* Task goal
From start to end, write out the following data exactly, apart from its images.

* Dataset content

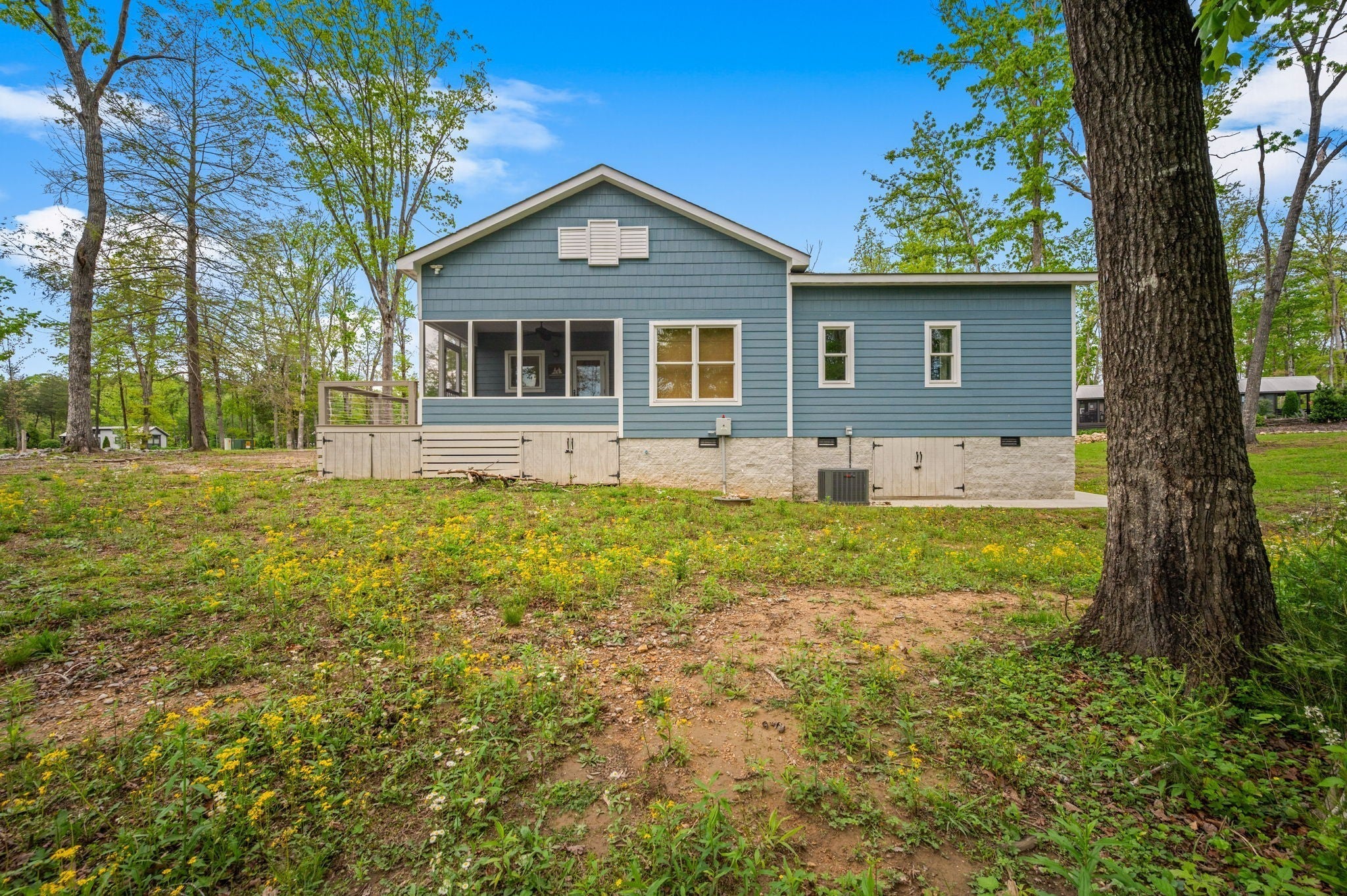 The sunset views from the covered screened deck on this one are worth it! This home is a site built (IT IS NOT A MANUFACTURED HOME) three bed two bath home all on one level. The floor plan is open with soaring ceilings a deck that wraps around to the back screened covered deck! This home ready to make your lake home dreams come true or and investment property to your portfolio. The crawlspace has a dehumidifier. This home is on a private lot, and is also walking distance to 2 public docks, 2 pavilions w/ fire pits and a kayak rental station. Minutes from hiking including the Fiery Gizzard, Foster Falls and The Caverns. Checkout the local fare at Historic High Point Restaurant, Chef inspired Judith Tavern, Mountain Top Restaurant and Mountain Goat Market. Don’t’ miss the local art and antique shops. Home can be used as permanent residence, weekend getaway or short term rental. Manage yourself or take advantage of the on site management company. Explore, relax, listen to the neighbor’s strum their guitars, make memories to last a lifetime in this mountain woodland cottage. 90 min. from Nashville. 45 min. from Chattanooga. 20 min. from Sewanee University. The HOA maintains the landscaped area at the road. HOA mows lawn and mulches leaves. Amenities include walking trails, pavilions, fire pits, playground, community docks for fishing, kayak rental station and community gates. Saltwater pool coming soon.
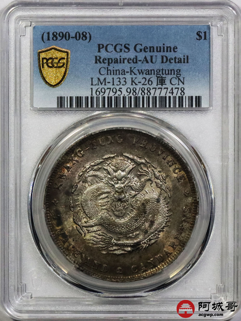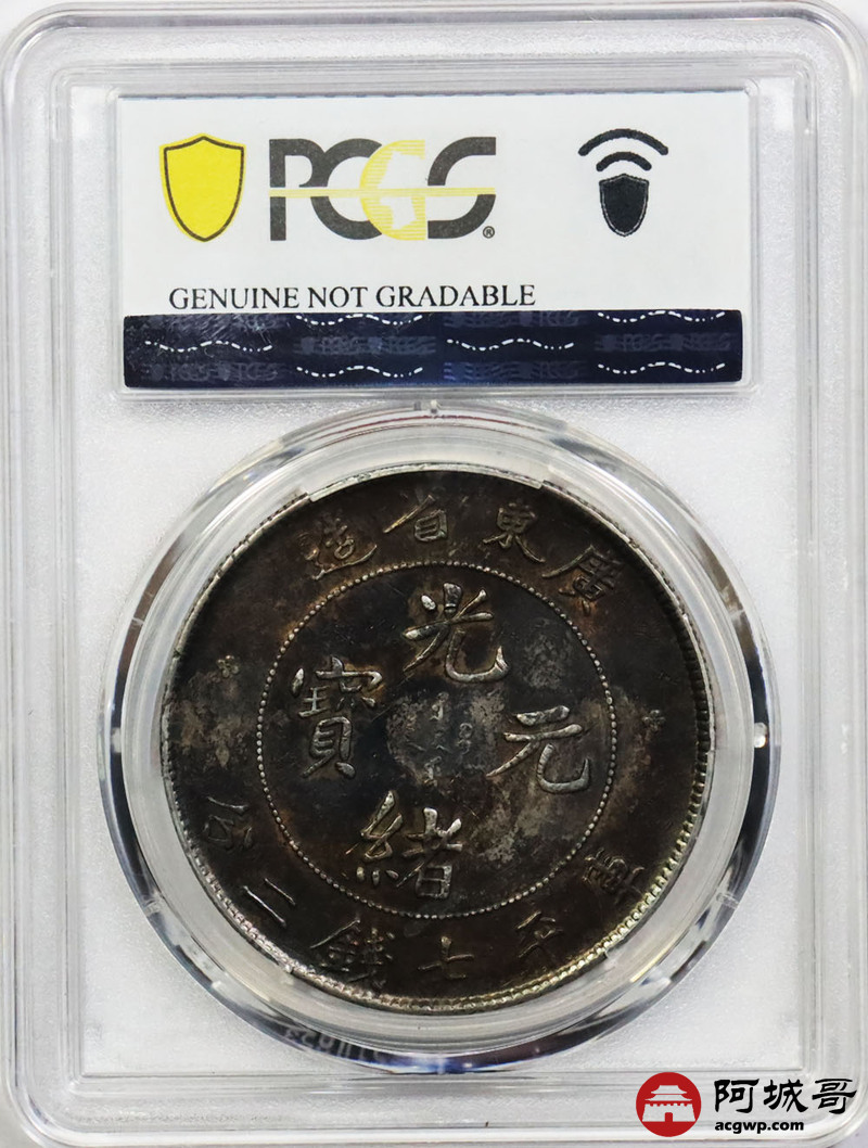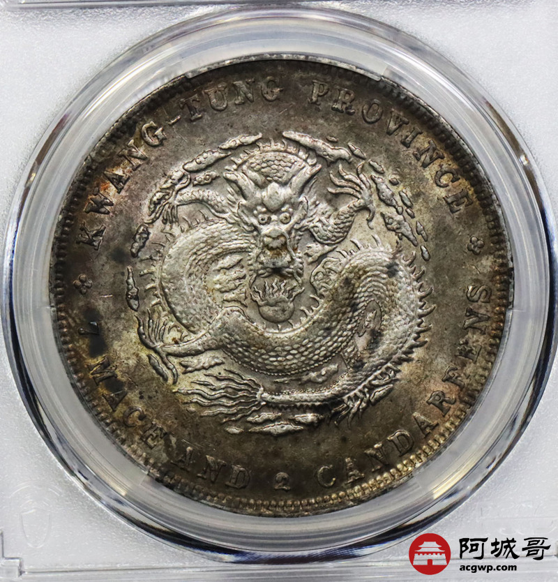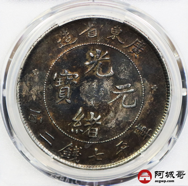 Lot:1787 1890-08年广东省造光绪元宝库平七钱二分银币一枚,浓郁酱彩包浆 PCGS AU98评级编号:88777478
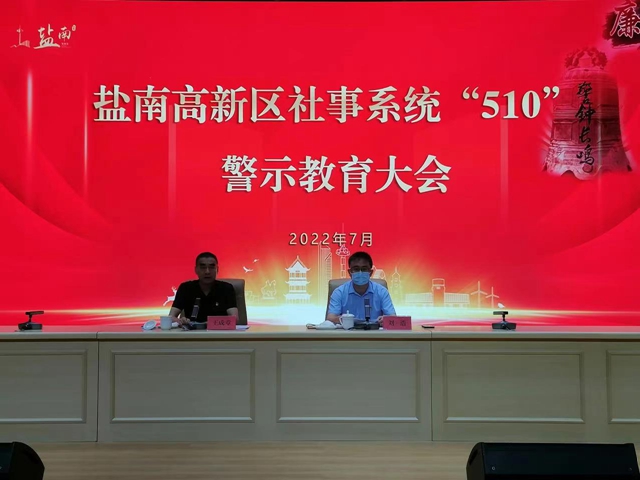 7月22日下午,盐南高新区社事局召开2022年社事系统“510”警示教育大会,会议集中观看了警示教育片《把纪律挺在前面》。社事局党委书记王成章出席会议并讲话,社事局副局长、纪委书记刘浩主持。局机关全体工作人员,街道卫生服务中心(院)全体工作人员参加会议。

* Response for this exercise
 The sunset views from the covered screened deck on this one are worth it! This home is a site built (IT IS NOT A MANUFACTURED HOME) three bed two bath home all on one level. The floor plan is open with soaring ceilings a deck that wraps around to the back screened covered deck! This home ready to make your lake home dreams come true or and investment property to your portfolio. The crawlspace has a dehumidifier. This home is on a private lot, and is also walking distance to 2 public docks, 2 pavilions w/ fire pits and a kayak rental station. Minutes from hiking including the Fiery Gizzard, Foster Falls and The Caverns. Checkout the local fare at Historic High Point Restaurant, Chef inspired Judith Tavern, Mountain Top Restaurant and Mountain Goat Market. Don’t’ miss the local art and antique shops. Home can be used as permanent residence, weekend getaway or short term rental. Manage yourself or take advantage of the on site management company. Explore, relax, listen to the neighbor’s strum their guitars, make memories to last a lifetime in this mountain woodland cottage. 90 min. from Nashville. 45 min. from Chattanooga. 20 min. from Sewanee University. The HOA maintains the landscaped area at the road. HOA mows lawn and mulches leaves. Amenities include walking trails, pavilions, fire pits, playground, community docks for fishing, kayak rental station and community gates. Saltwater pool coming soon.
 Lot:1787 1890-08年广东省造光绪元宝库平七钱二分银币一枚,浓郁酱彩包浆 PCGS AU98评级编号:88777478
 7月22日下午,盐南高新区社事局召开2022年社事系统“510”警示教育大会,会议集中观看了警示教育片《把纪律挺在前面》。社事局党委书记王成章出席会议并讲话,社事局副局长、纪委书记刘浩主持。局机关全体工作人员,街道卫生服务中心(院)全体工作人员参加会议。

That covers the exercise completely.